§ Data for the task:
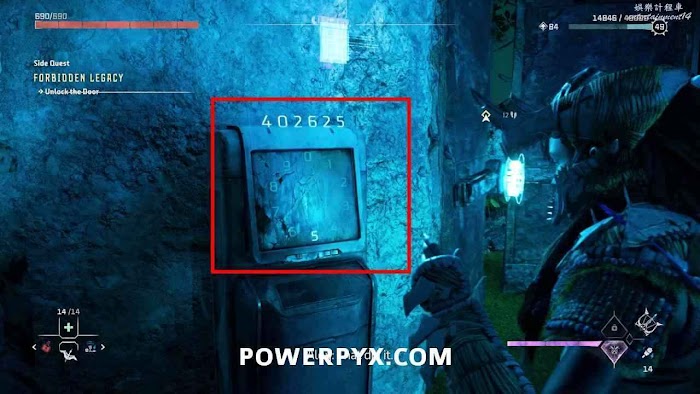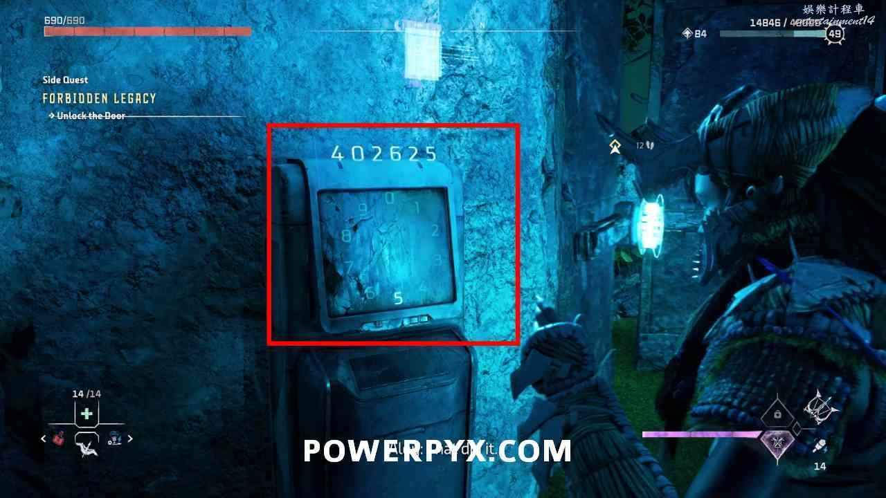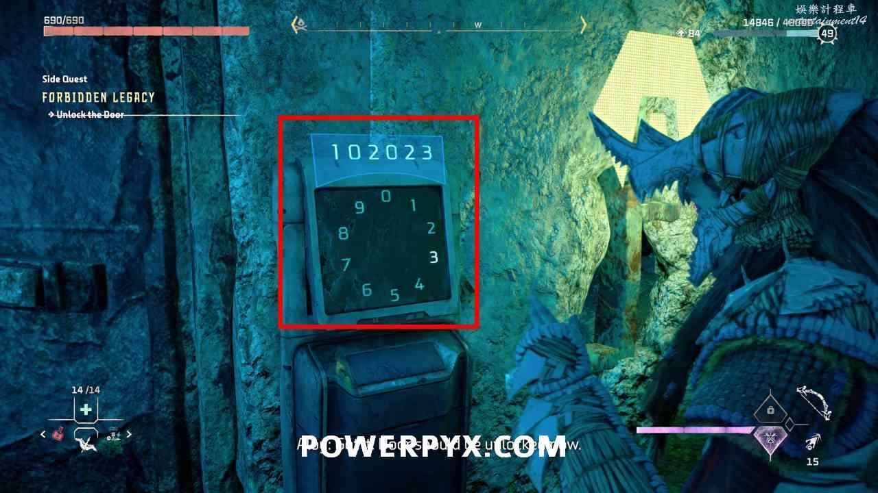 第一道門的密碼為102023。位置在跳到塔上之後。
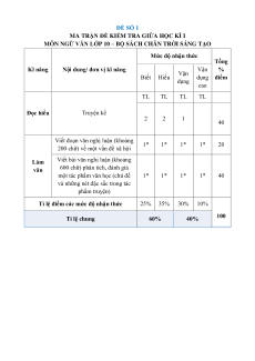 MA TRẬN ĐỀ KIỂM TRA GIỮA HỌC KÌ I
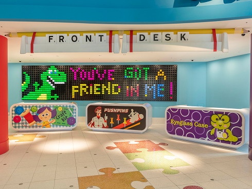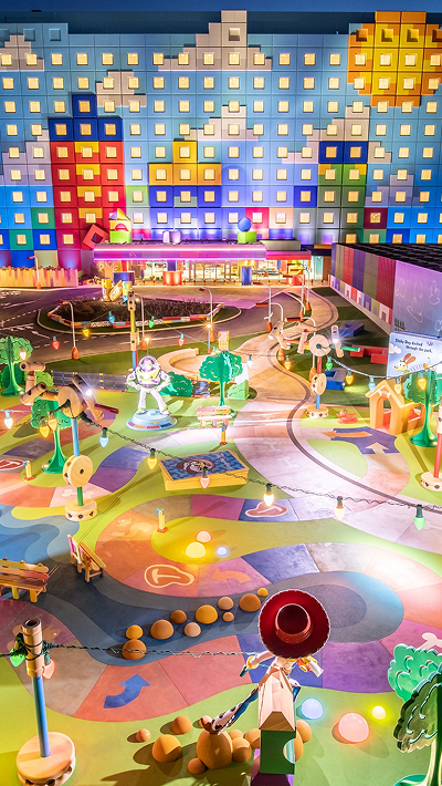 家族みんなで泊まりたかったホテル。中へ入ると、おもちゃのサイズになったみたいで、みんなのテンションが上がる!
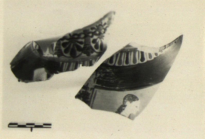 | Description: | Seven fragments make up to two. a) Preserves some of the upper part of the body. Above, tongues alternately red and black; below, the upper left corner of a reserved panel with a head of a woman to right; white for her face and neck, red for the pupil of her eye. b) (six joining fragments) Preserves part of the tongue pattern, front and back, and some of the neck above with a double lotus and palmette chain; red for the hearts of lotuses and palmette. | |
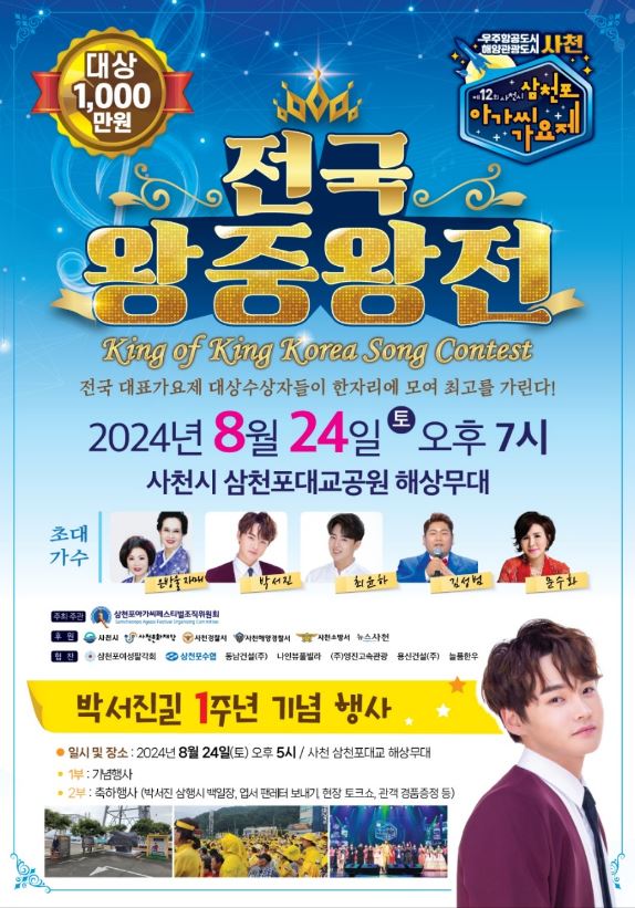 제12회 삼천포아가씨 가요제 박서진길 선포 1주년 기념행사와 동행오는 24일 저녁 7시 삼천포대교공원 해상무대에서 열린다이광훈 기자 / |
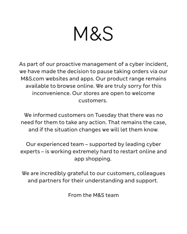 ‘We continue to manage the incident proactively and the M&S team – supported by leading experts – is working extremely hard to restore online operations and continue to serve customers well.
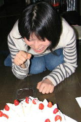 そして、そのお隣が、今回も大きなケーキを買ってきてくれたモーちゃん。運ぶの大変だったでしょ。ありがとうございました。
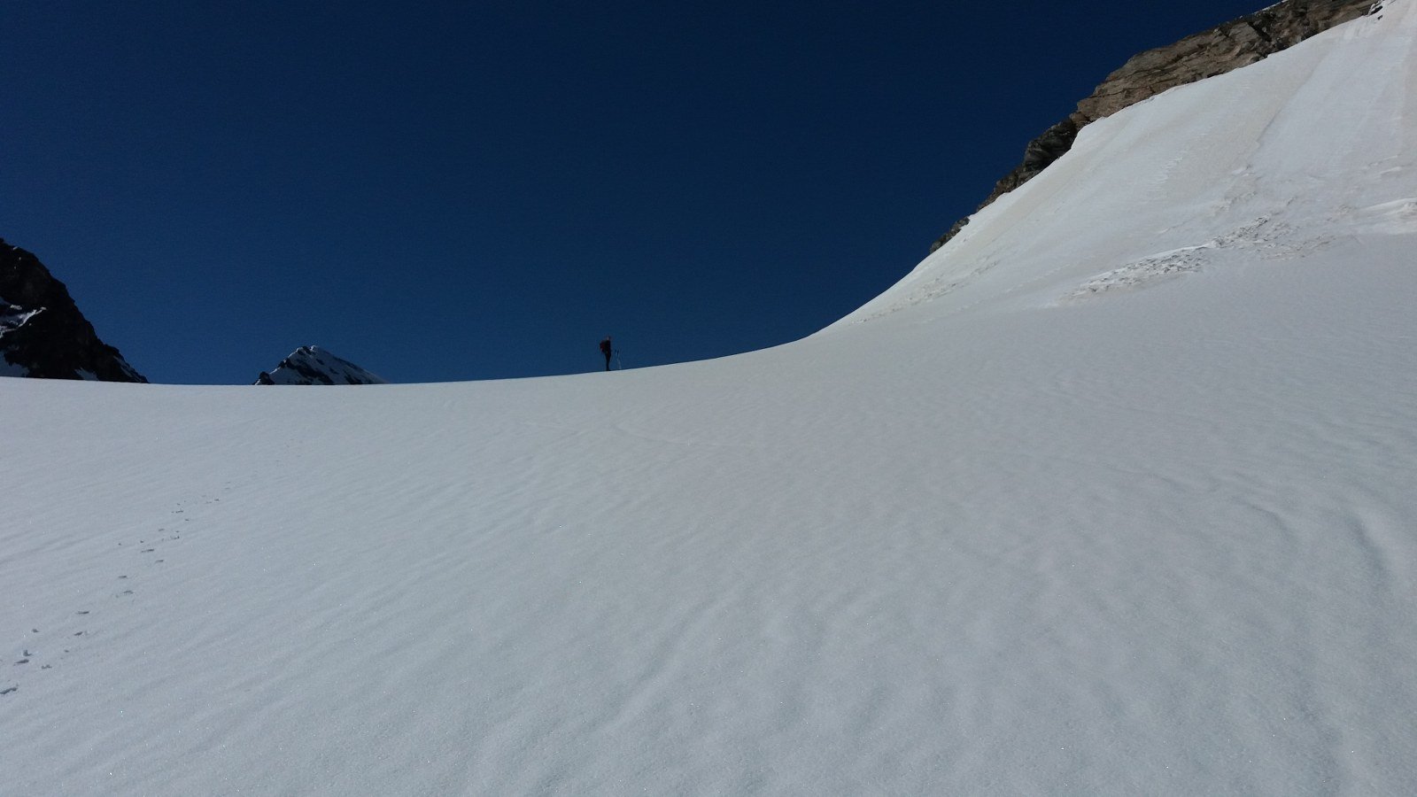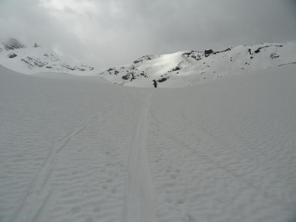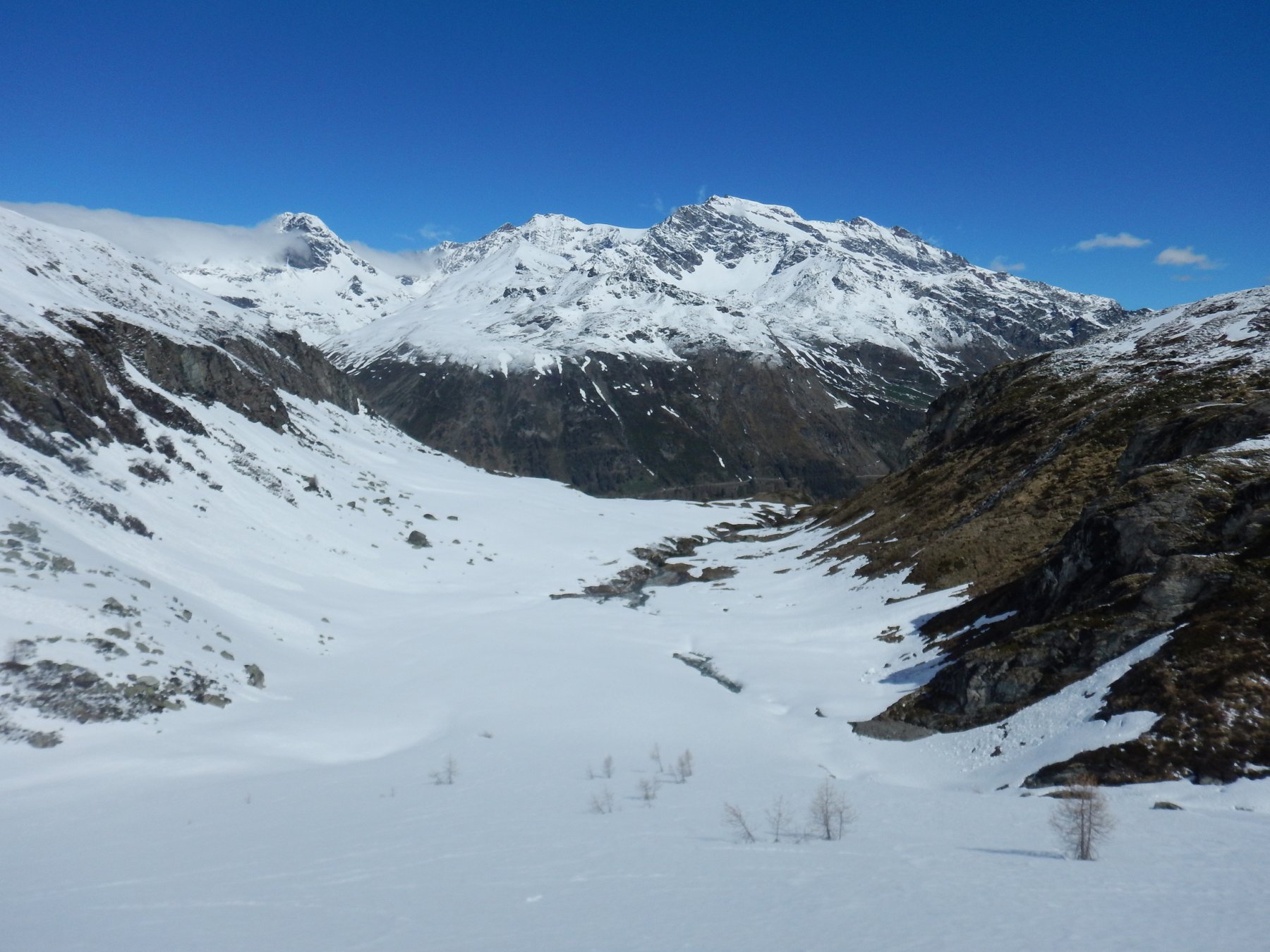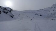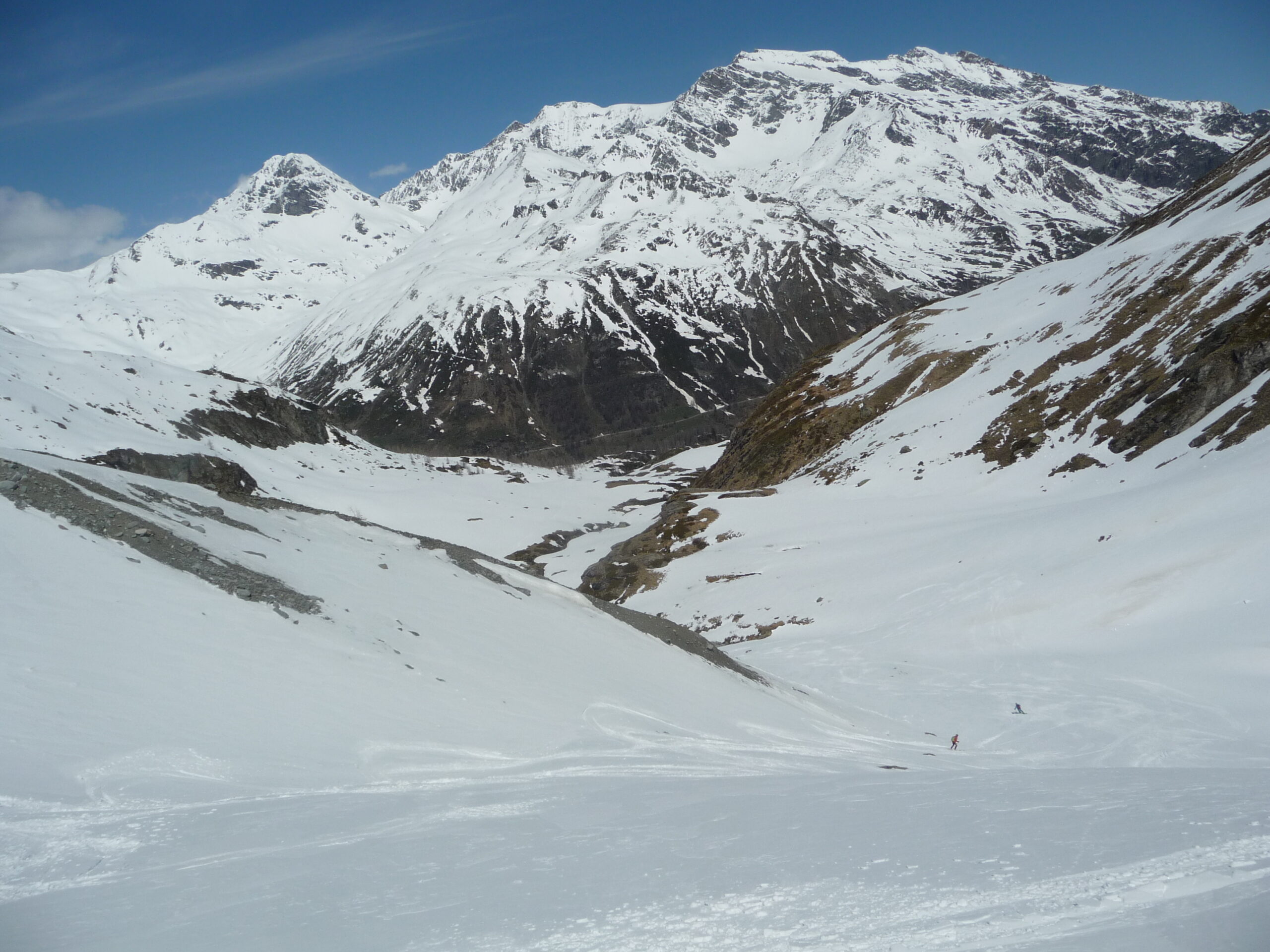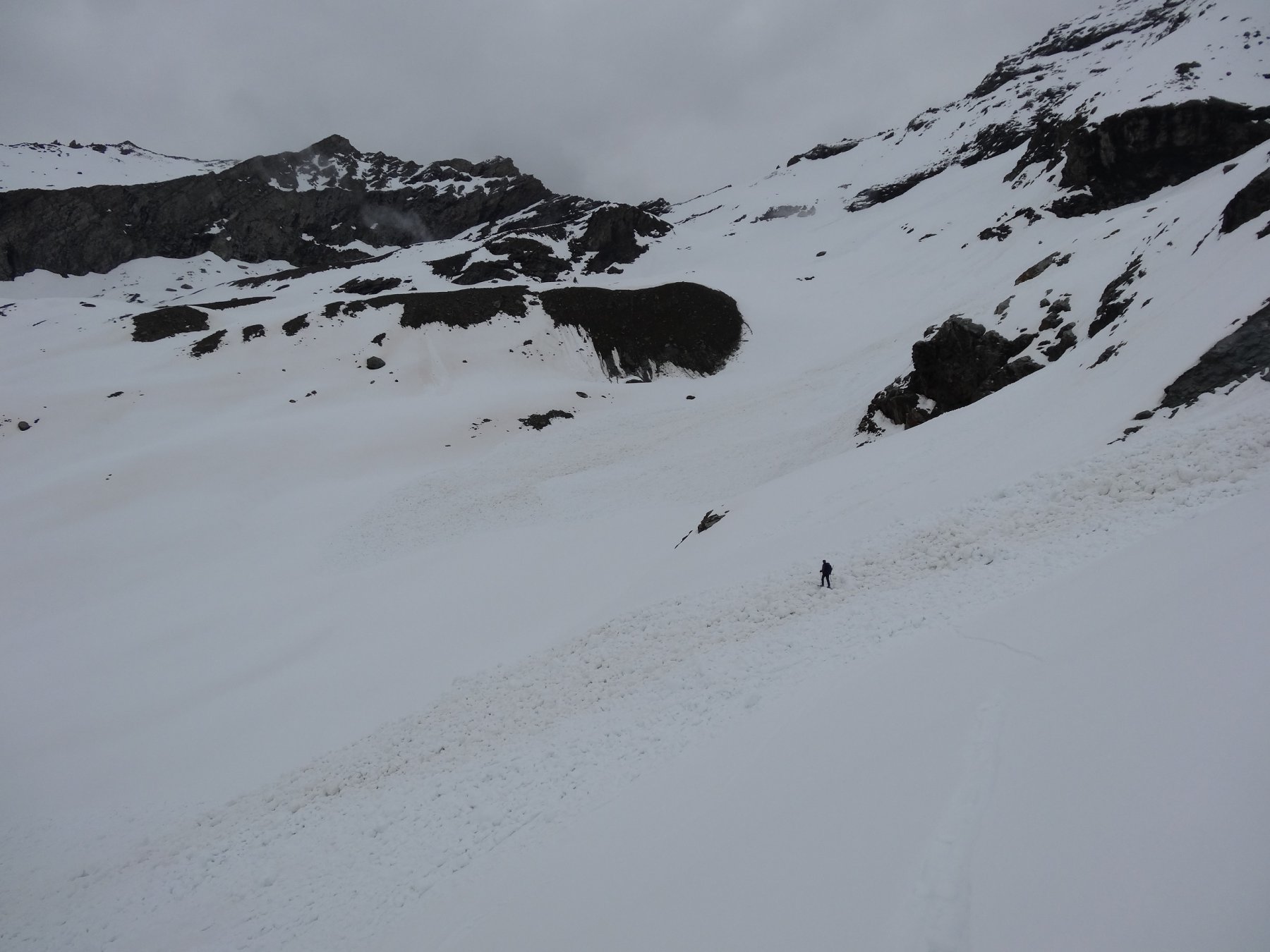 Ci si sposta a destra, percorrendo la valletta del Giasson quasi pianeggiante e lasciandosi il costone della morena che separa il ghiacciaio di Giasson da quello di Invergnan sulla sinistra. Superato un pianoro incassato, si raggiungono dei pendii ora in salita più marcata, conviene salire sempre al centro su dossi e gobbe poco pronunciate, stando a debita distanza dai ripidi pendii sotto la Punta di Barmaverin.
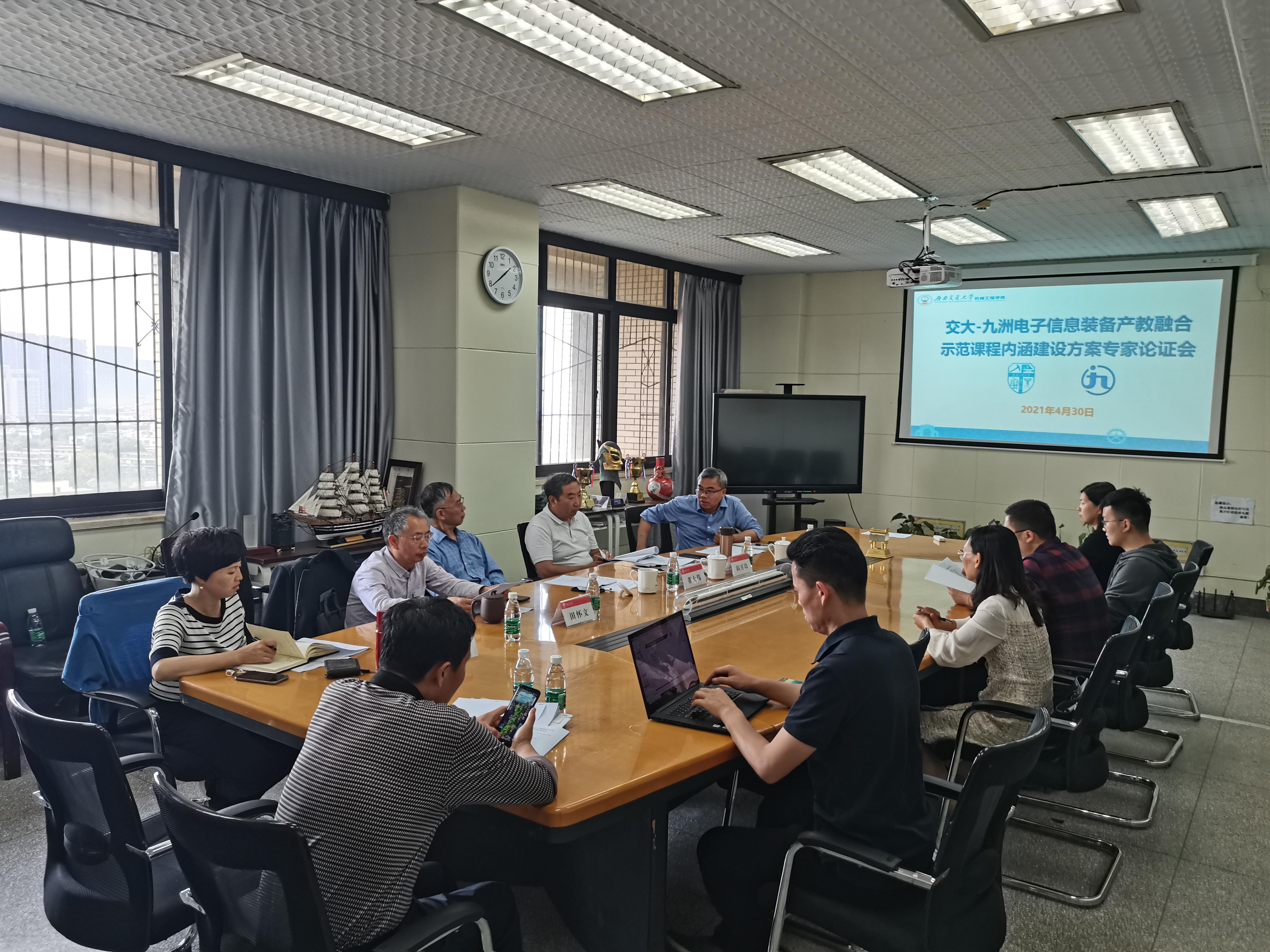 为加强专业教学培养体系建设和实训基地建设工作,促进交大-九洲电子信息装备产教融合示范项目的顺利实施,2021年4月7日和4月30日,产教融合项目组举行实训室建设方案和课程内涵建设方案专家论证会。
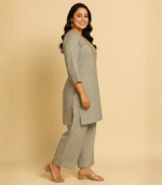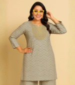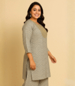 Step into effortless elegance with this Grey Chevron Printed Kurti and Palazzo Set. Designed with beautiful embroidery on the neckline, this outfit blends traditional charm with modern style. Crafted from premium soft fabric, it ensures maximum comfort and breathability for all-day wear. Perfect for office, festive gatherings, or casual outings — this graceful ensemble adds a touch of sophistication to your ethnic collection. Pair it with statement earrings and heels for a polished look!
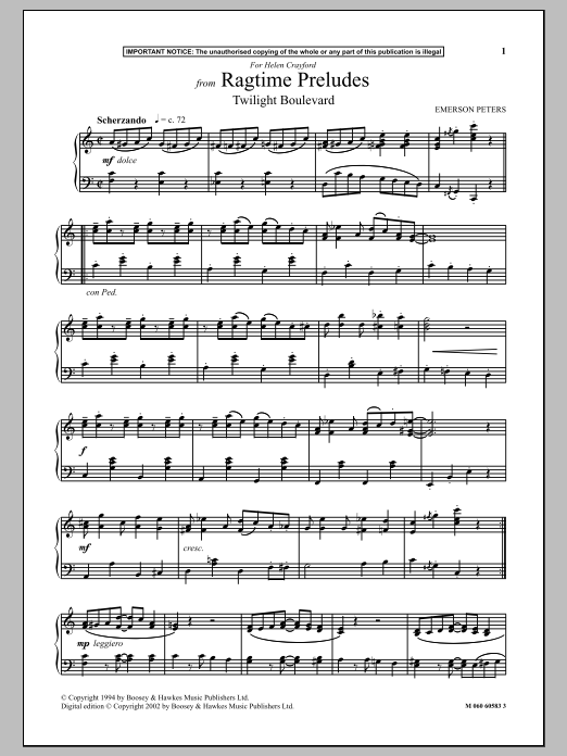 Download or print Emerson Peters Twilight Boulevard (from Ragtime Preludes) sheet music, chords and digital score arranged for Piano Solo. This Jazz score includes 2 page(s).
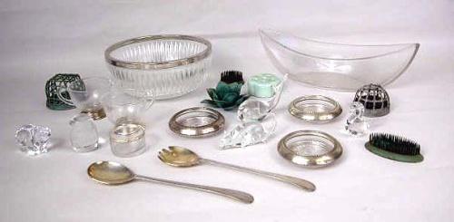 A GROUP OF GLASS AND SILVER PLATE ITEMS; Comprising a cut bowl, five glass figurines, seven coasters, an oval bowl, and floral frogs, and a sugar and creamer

§ Your goal: Pictures aside, retype the entries above exactly as they are.

§ Exercise answer:
 第一道門的密碼為102023。位置在跳到塔上之後。
 MA TRẬN ĐỀ KIỂM TRA GIỮA HỌC KÌ I
 家族みんなで泊まりたかったホテル。中へ入ると、おもちゃのサイズになったみたいで、みんなのテンションが上がる!
 | Description: | Seven fragments make up to two. a) Preserves some of the upper part of the body. Above, tongues alternately red and black; below, the upper left corner of a reserved panel with a head of a woman to right; white for her face and neck, red for the pupil of her eye. b) (six joining fragments) Preserves part of the tongue pattern, front and back, and some of the neck above with a double lotus and palmette chain; red for the hearts of lotuses and palmette. | |
 제12회 삼천포아가씨 가요제 박서진길 선포 1주년 기념행사와 동행오는 24일 저녁 7시 삼천포대교공원 해상무대에서 열린다이광훈 기자 / |
 ‘We continue to manage the incident proactively and the M&S team – supported by leading experts – is working extremely hard to restore online operations and continue to serve customers well.
 そして、そのお隣が、今回も大きなケーキを買ってきてくれたモーちゃん。運ぶの大変だったでしょ。ありがとうございました。
 Ci si sposta a destra, percorrendo la valletta del Giasson quasi pianeggiante e lasciandosi il costone della morena che separa il ghiacciaio di Giasson da quello di Invergnan sulla sinistra. Superato un pianoro incassato, si raggiungono dei pendii ora in salita più marcata, conviene salire sempre al centro su dossi e gobbe poco pronunciate, stando a debita distanza dai ripidi pendii sotto la Punta di Barmaverin.
 为加强专业教学培养体系建设和实训基地建设工作,促进交大-九洲电子信息装备产教融合示范项目的顺利实施,2021年4月7日和4月30日,产教融合项目组举行实训室建设方案和课程内涵建设方案专家论证会。
 Step into effortless elegance with this Grey Chevron Printed Kurti and Palazzo Set. Designed with beautiful embroidery on the neckline, this outfit blends traditional charm with modern style. Crafted from premium soft fabric, it ensures maximum comfort and breathability for all-day wear. Perfect for office, festive gatherings, or casual outings — this graceful ensemble adds a touch of sophistication to your ethnic collection. Pair it with statement earrings and heels for a polished look!
 Download or print Emerson Peters Twilight Boulevard (from Ragtime Preludes) sheet music, chords and digital score arranged for Piano Solo. This Jazz score includes 2 page(s).
 A GROUP OF GLASS AND SILVER PLATE ITEMS; Comprising a cut bowl, five glass figurines, seven coasters, an oval bowl, and floral frogs, and a sugar and creamer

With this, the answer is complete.